[Exercise material — start]

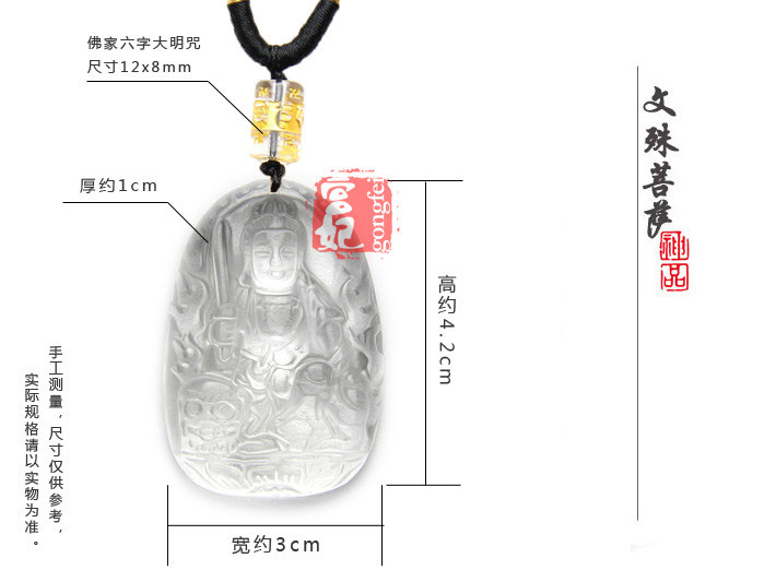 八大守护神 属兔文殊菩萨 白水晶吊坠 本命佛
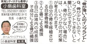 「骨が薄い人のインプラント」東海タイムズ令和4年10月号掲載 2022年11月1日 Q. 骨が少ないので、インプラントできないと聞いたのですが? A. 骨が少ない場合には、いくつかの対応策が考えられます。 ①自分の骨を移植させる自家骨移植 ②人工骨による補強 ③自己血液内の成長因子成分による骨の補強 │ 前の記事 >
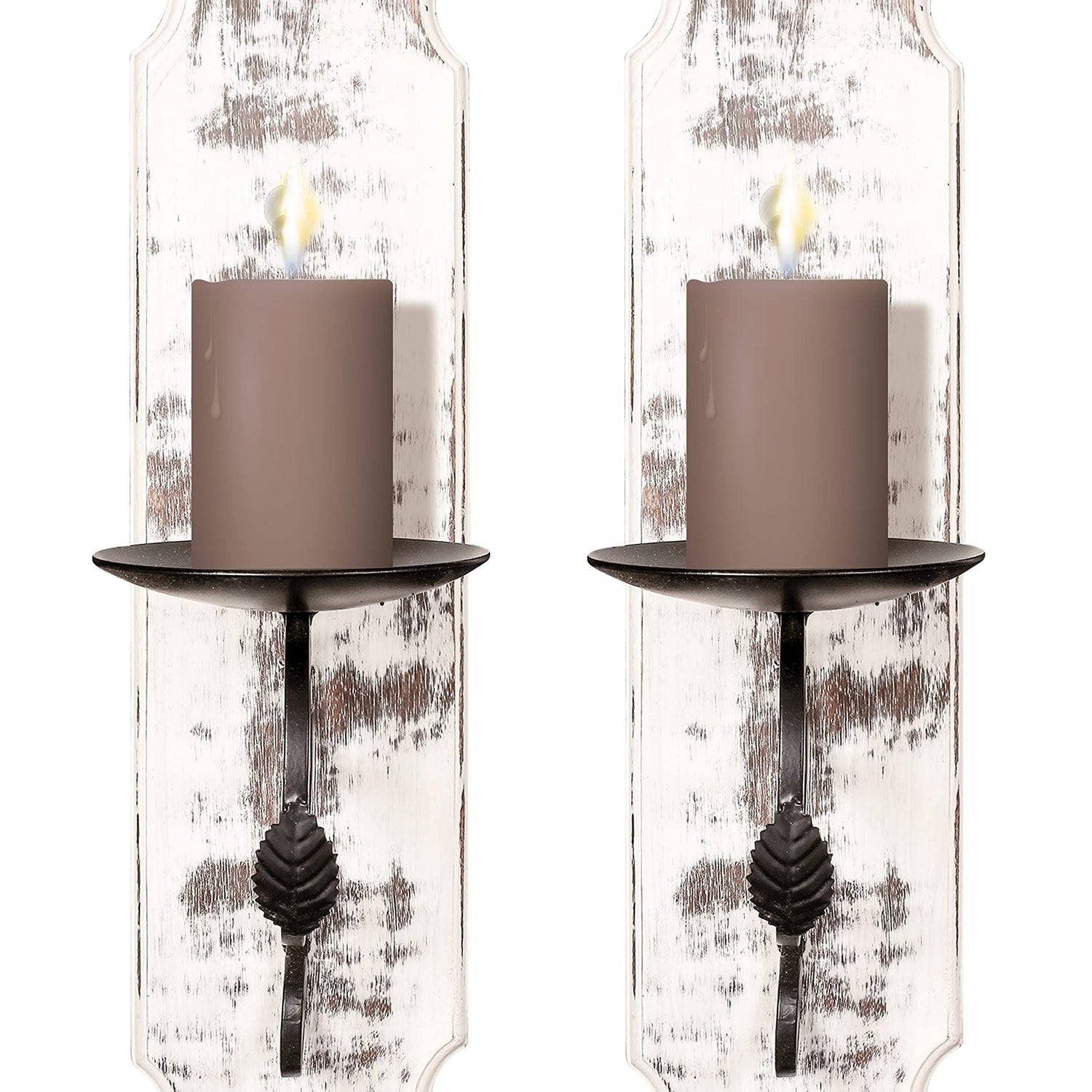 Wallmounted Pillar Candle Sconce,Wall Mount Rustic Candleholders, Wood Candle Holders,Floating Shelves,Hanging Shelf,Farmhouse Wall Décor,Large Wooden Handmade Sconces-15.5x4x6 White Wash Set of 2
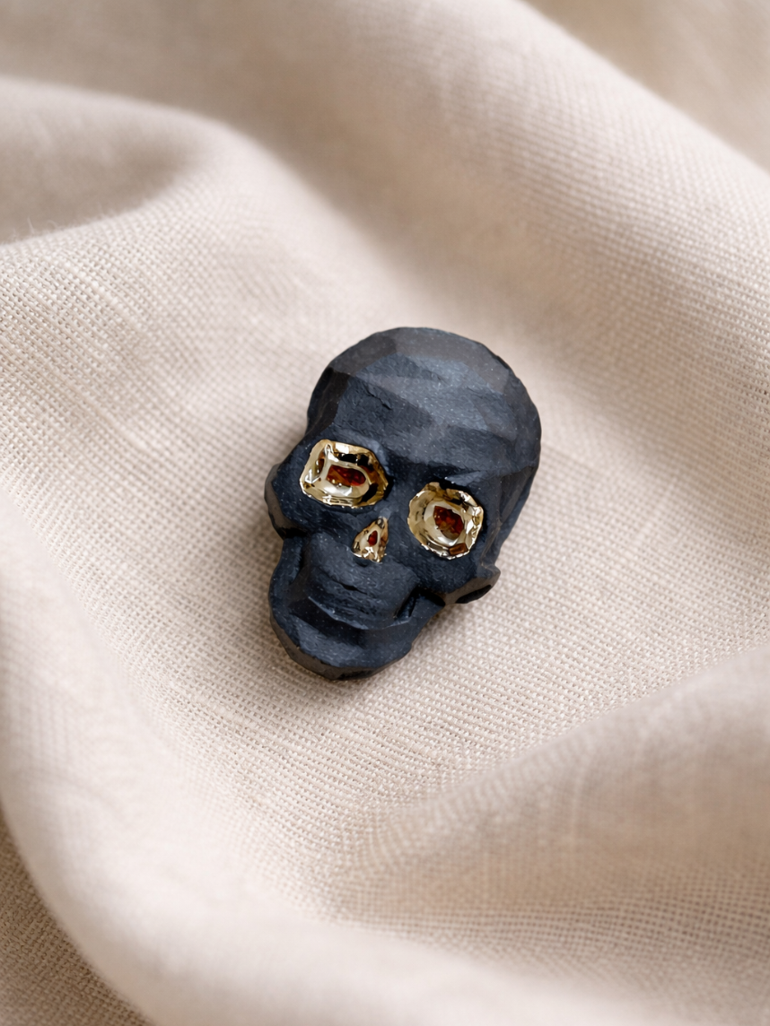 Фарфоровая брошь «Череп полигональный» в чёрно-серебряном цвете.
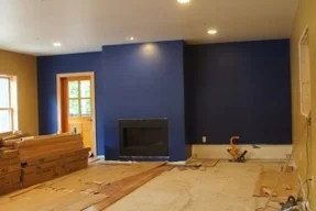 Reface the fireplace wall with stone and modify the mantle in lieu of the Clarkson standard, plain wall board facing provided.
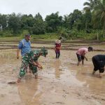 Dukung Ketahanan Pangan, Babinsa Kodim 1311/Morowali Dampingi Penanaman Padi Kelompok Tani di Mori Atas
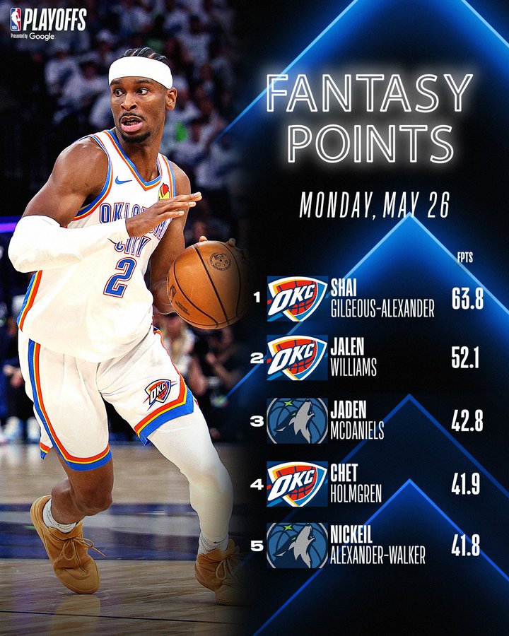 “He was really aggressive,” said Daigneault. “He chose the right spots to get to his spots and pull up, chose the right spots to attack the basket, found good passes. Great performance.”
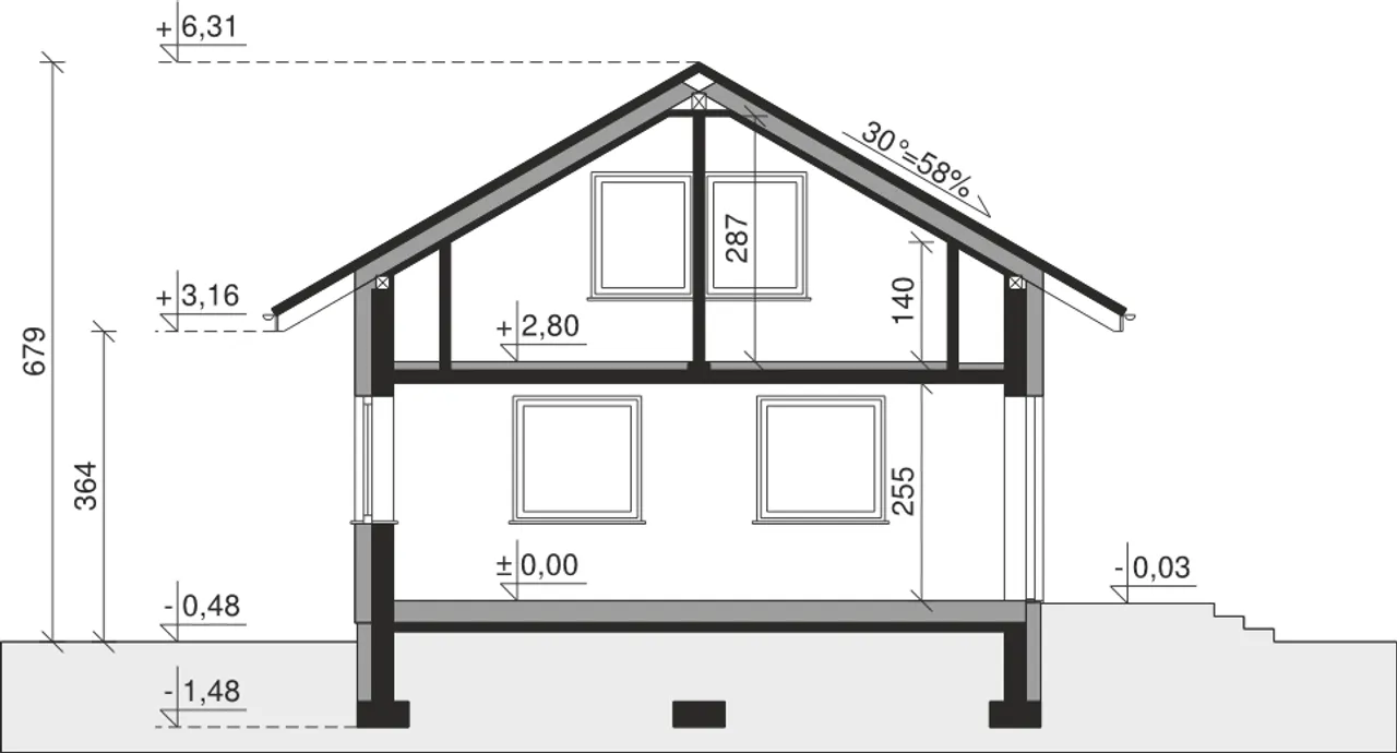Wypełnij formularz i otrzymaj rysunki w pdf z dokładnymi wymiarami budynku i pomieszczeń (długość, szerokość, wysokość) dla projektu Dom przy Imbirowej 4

[Exercise material — finish]

* **What to do**: Please extract exactly the lines of the data, from the first through the line containing "③自己血液内の成長因子成分による骨の補強 │ 前の記事 >", and add no pictures to the copy.

* **Solution**:
 八大守护神 属兔文殊菩萨 白水晶吊坠 本命佛
 「骨が薄い人のインプラント」東海タイムズ令和4年10月号掲載 2022年11月1日 Q. 骨が少ないので、インプラントできないと聞いたのですが? A. 骨が少ない場合には、いくつかの対応策が考えられます。 ①自分の骨を移植させる自家骨移植 ②人工骨による補強 ③自己血液内の成長因子成分による骨の補強 │ 前の記事 >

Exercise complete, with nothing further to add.